Thou Shalt Afflict Thy Protagonist

Drawing by George Cruikshank

George Cruikshank engraving

It happened again yesterday. A friend in my writers group kept taking her protagonist into situations that made everyone squirm … but then backed off. For instance … The character is an immigrant maid, and the house in which she works gets sold. She meets the new owner, including his flirtatious twenty-something son. The maid is staying in the house alone just before the new owners move in, and the son shows up in the middle of the night. She throws a shawl over her nightgown and lets him in. He pours himself a glass of brandy and offers one to her. Why not? she thinks. Uh-oh, we know what’s coming. But it doesn’t!
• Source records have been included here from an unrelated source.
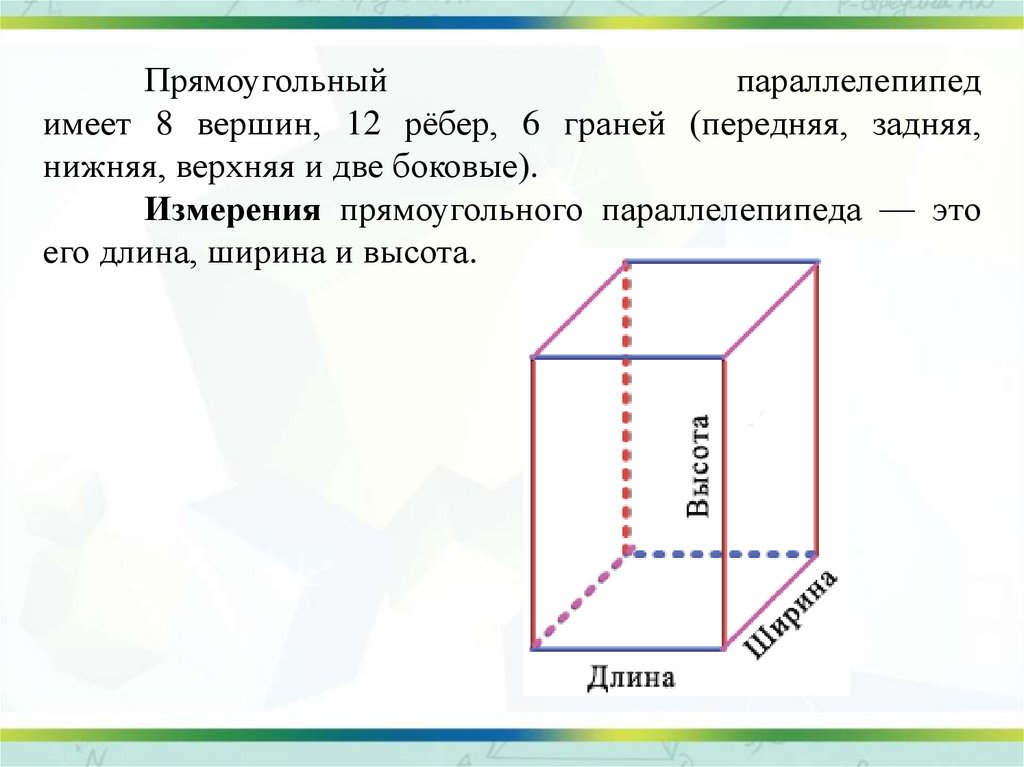 имеет 8 вершин, 12 рёбер, 6 граней (передняя, задняя,
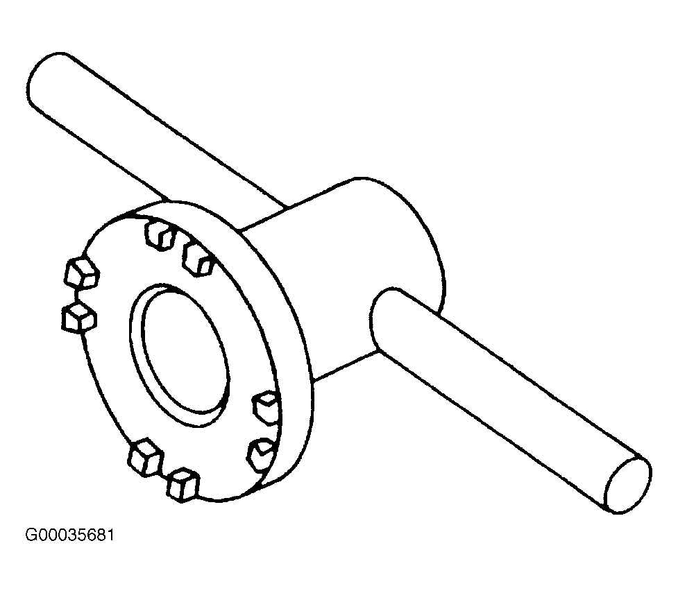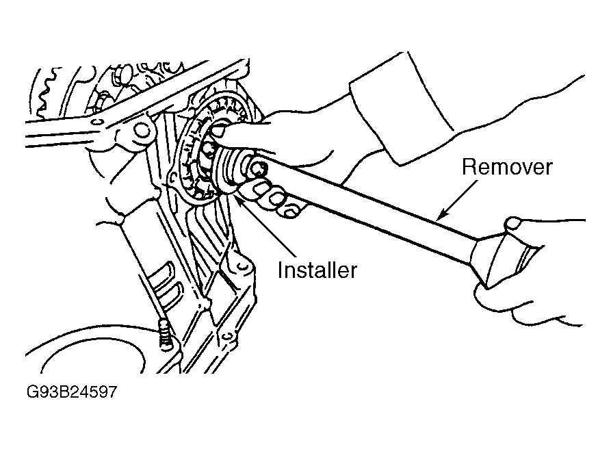 - Wrap left and right axle shafts with tape. Remove differential side retainers using Wrench (499787000). See Fig 3 . Hold differential case assembly by hand to avoid damaging retainer mounting hole of torque converter case. Remove axle shafts using Special Tools (499095500) and (499247300). See Fig 4 . Remove and discard axle shaft circlips.
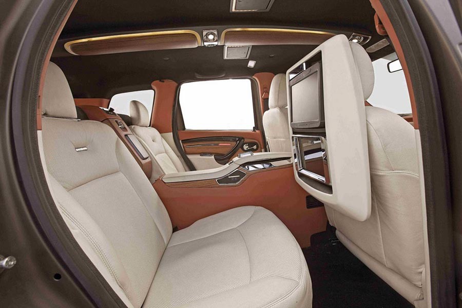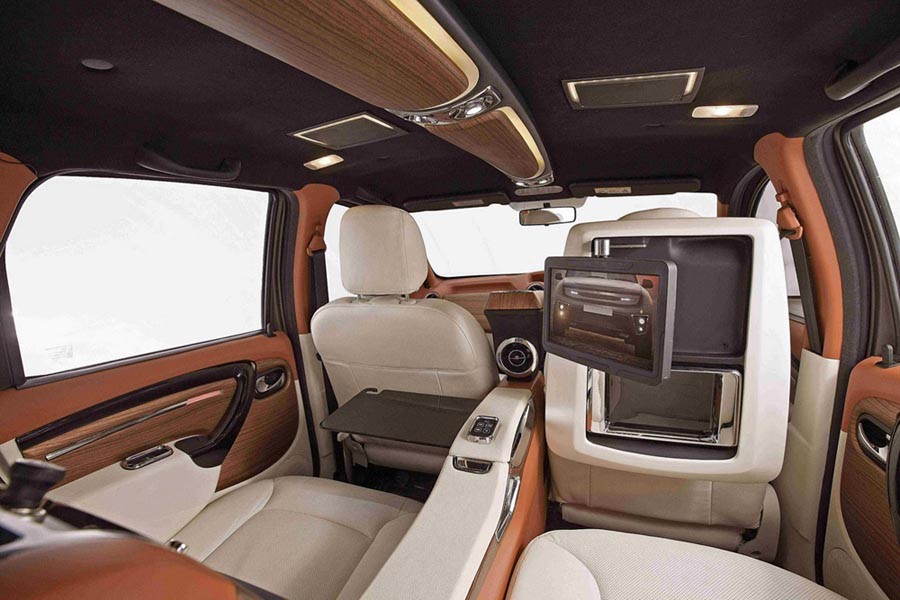 Αντίθετα με το «μαχητική» εξωτερική του εμφάνιση, στο εσωτερικό επικρατεί η πολυτέλεια, σε σημείο που ξεπερνά την υπερβολή και μάλλον είναι στα όρια του «κιτς». Ξύλο και δέρμα σε εκκεντρικούς χρωματισμούς είναι σε αφθονία, ενώ οι πίσω V.I.P. φιλοξενούμενοι νιώθουν κυριολεκτικά σαν να κάθονται στο σαλόνι του σπιτιού τους, έχοντας στη διάθεσή τους δύο ανεξάρτητα δερμάτινα καθίσματα – πολυθρόνες, τραπεζάκια, οθόνες κ.λπ. Η DC-Design χρεώνει ολόκληρο το πακέτο στα 4.940 ευρώ, τα οποία μπορεί να μην φαίνονται υπερβολικά πολλά, ωστόσο είναι κάτι περισσότερο από τα μισά χρήματα που κοστίζει το Dacia Duster στην Ινδία.

She drinks her brandy, returns to her room, locks the door, and spends a peaceful night, her virtue unassailed.

Granted, the young aristo putting a mash on the maid is a cliché, and that, my friend said, was why she didn’t want to go there. But just about everything and everyone in the protagonist’s life is nice. That’s a problem, and not just because “niceness” is antithetical to drama. A character grows through facing adversity. That means you have to put your beloved protagonist through the wringer.
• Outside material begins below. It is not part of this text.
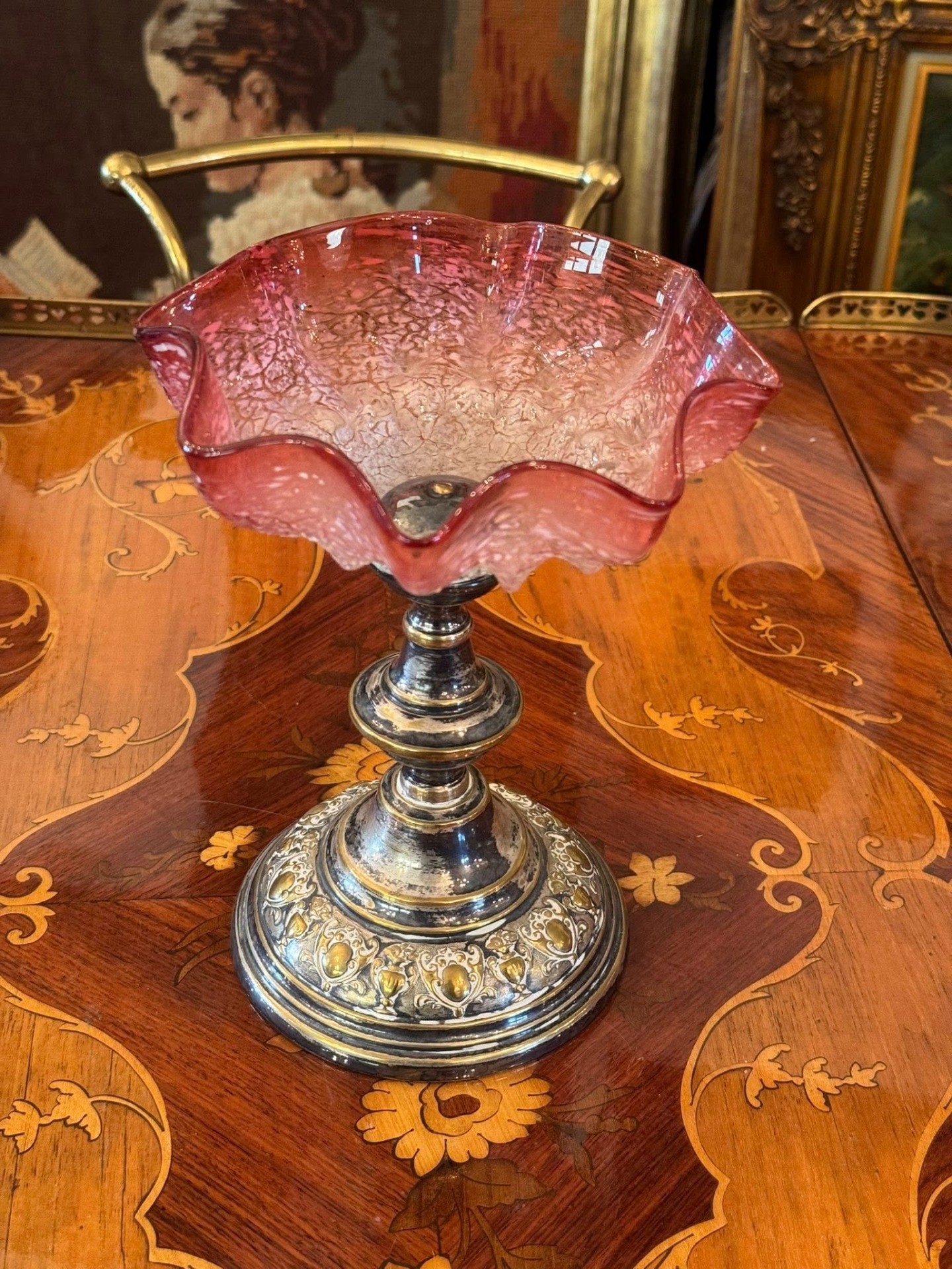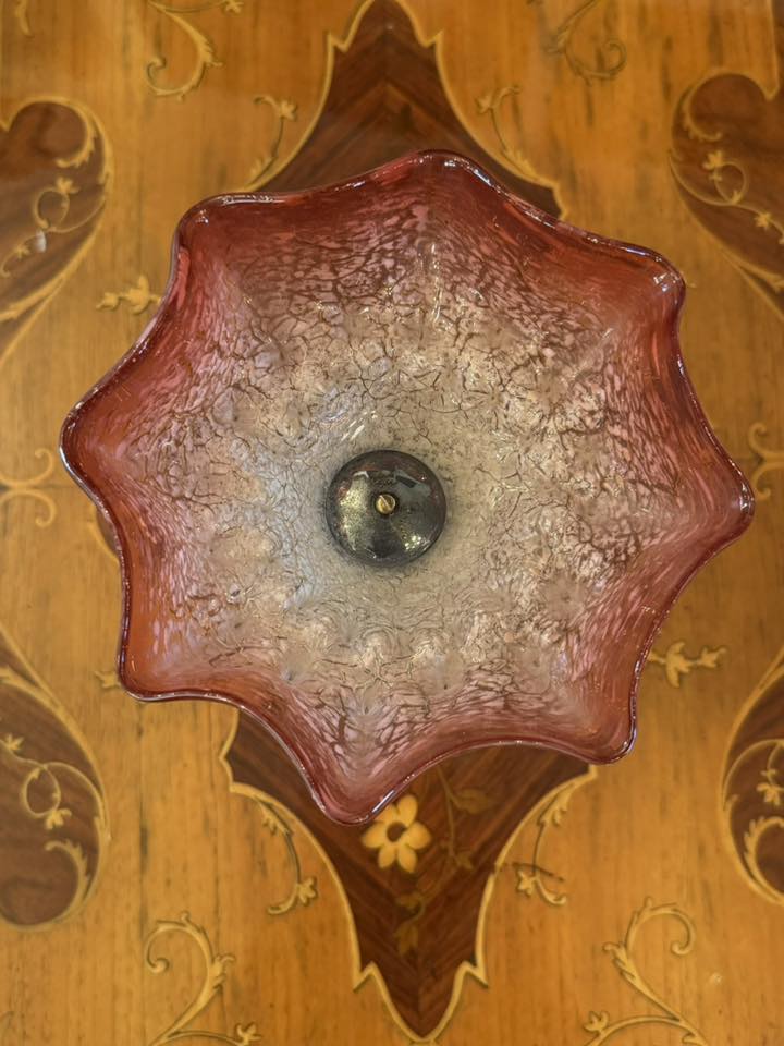 Fructieră delicată Art Nouveau cu cupă din sticlă „Craquelé”. Marginile sunt ondulate (festonate), amintind de forma unei flori deschise, iar culoarea trece treptat de la un roz-trandafir intens pe margini către un roz pal.

As screenwriting guru Robert McKee says in Story, “True character is revealed in the choices a human being makes under pressure – the greater the pressure, the deeper the revelation, the truer the choice to the character’s essential nature.”

The characters we love must be unfairly accused, cheated in love and in business, press-ganged, betrayed, tricked, thrown into excruciating social situations, saddled with unbearable family members, threatened, laughed at, imperiled, spurned, one-upped, opposed, dragged through the mud, humiliated, misunderstood, pummeled, starved. (Depending on the kind of book you’re writing, this suffering may be literal, or it may be purely psychological). We need to subject our protagonists to experience loneliness, anxiety, misery, loss.

If your gentle writerly self balks at being so cruel, consider: what if, when Oliver Twist asked, “Please, sir, I want some more,” a kindly soul had smiled and filled his bowl? A happier life for young Oliver. For the rest of us, deprivation.